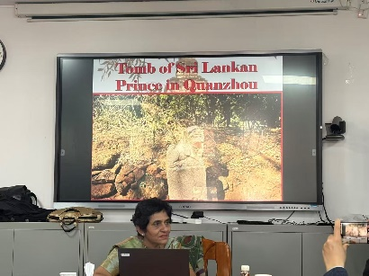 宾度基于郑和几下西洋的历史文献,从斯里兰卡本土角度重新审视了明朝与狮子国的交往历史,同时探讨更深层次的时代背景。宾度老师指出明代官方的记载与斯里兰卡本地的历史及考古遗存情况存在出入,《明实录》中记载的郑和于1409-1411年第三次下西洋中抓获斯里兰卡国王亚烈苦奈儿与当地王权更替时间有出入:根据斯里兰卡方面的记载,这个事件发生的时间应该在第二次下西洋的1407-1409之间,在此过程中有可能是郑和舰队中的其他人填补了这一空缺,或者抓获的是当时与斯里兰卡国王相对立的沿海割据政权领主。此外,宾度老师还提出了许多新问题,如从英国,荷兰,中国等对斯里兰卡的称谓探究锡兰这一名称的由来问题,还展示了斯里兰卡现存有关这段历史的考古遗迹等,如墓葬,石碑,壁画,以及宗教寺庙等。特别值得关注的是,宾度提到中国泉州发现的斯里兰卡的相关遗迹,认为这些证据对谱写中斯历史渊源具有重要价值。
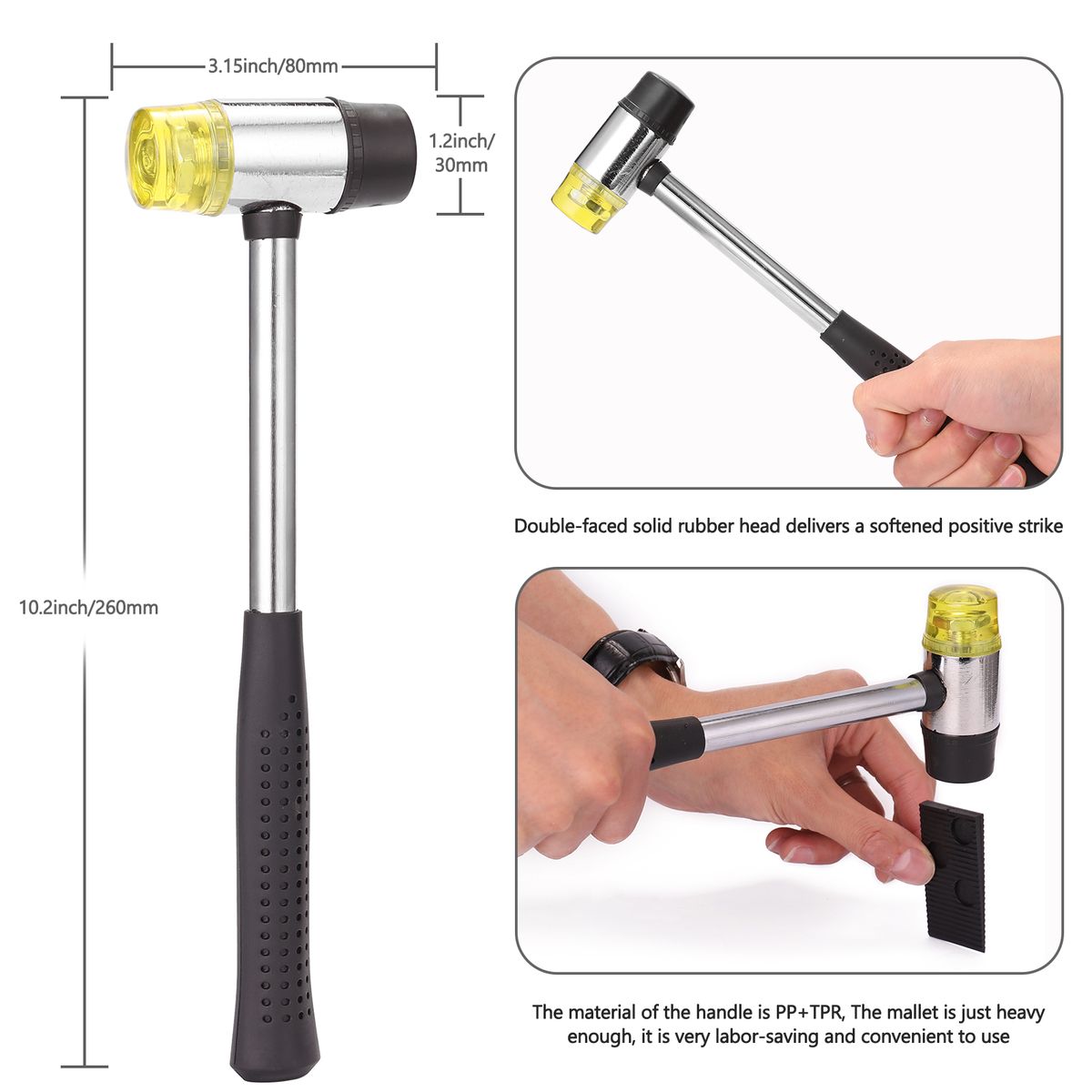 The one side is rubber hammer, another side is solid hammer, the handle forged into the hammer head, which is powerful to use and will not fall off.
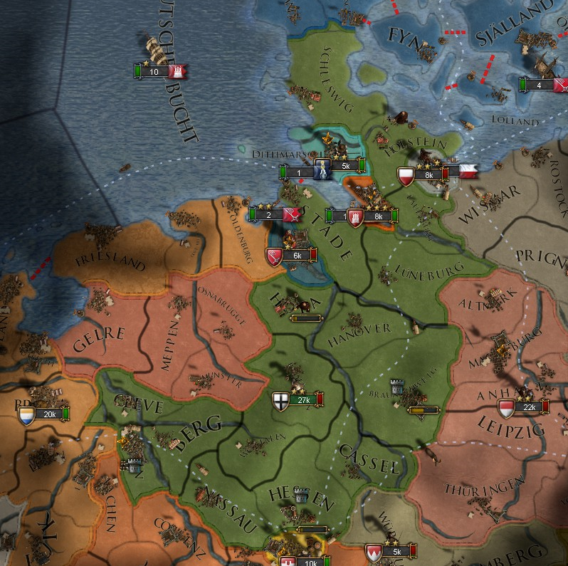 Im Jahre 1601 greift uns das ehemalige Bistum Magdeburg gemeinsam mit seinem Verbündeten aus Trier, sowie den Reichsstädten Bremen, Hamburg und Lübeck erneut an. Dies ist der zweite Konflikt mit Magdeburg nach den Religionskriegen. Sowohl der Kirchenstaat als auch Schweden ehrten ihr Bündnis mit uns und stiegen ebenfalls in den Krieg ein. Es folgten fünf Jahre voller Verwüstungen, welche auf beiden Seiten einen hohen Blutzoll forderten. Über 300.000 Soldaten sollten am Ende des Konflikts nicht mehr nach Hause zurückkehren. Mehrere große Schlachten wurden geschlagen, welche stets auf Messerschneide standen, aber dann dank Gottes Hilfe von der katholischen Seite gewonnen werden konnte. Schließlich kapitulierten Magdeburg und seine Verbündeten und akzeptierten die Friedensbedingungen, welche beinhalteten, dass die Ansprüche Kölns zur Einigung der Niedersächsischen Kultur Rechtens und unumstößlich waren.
* * * *
Requirement:
Copy every line above exactly; images stay out.

Problem solution:
 宾度基于郑和几下西洋的历史文献,从斯里兰卡本土角度重新审视了明朝与狮子国的交往历史,同时探讨更深层次的时代背景。宾度老师指出明代官方的记载与斯里兰卡本地的历史及考古遗存情况存在出入,《明实录》中记载的郑和于1409-1411年第三次下西洋中抓获斯里兰卡国王亚烈苦奈儿与当地王权更替时间有出入:根据斯里兰卡方面的记载,这个事件发生的时间应该在第二次下西洋的1407-1409之间,在此过程中有可能是郑和舰队中的其他人填补了这一空缺,或者抓获的是当时与斯里兰卡国王相对立的沿海割据政权领主。此外,宾度老师还提出了许多新问题,如从英国,荷兰,中国等对斯里兰卡的称谓探究锡兰这一名称的由来问题,还展示了斯里兰卡现存有关这段历史的考古遗迹等,如墓葬,石碑,壁画,以及宗教寺庙等。特别值得关注的是,宾度提到中国泉州发现的斯里兰卡的相关遗迹,认为这些证据对谱写中斯历史渊源具有重要价值。
 The one side is rubber hammer, another side is solid hammer, the handle forged into the hammer head, which is powerful to use and will not fall off.
 Im Jahre 1601 greift uns das ehemalige Bistum Magdeburg gemeinsam mit seinem Verbündeten aus Trier, sowie den Reichsstädten Bremen, Hamburg und Lübeck erneut an. Dies ist der zweite Konflikt mit Magdeburg nach den Religionskriegen. Sowohl der Kirchenstaat als auch Schweden ehrten ihr Bündnis mit uns und stiegen ebenfalls in den Krieg ein. Es folgten fünf Jahre voller Verwüstungen, welche auf beiden Seiten einen hohen Blutzoll forderten. Über 300.000 Soldaten sollten am Ende des Konflikts nicht mehr nach Hause zurückkehren. Mehrere große Schlachten wurden geschlagen, welche stets auf Messerschneide standen, aber dann dank Gottes Hilfe von der katholischen Seite gewonnen werden konnte. Schließlich kapitulierten Magdeburg und seine Verbündeten und akzeptierten die Friedensbedingungen, welche beinhalteten, dass die Ansprüche Kölns zur Einigung der Niedersächsischen Kultur Rechtens und unumstößlich waren.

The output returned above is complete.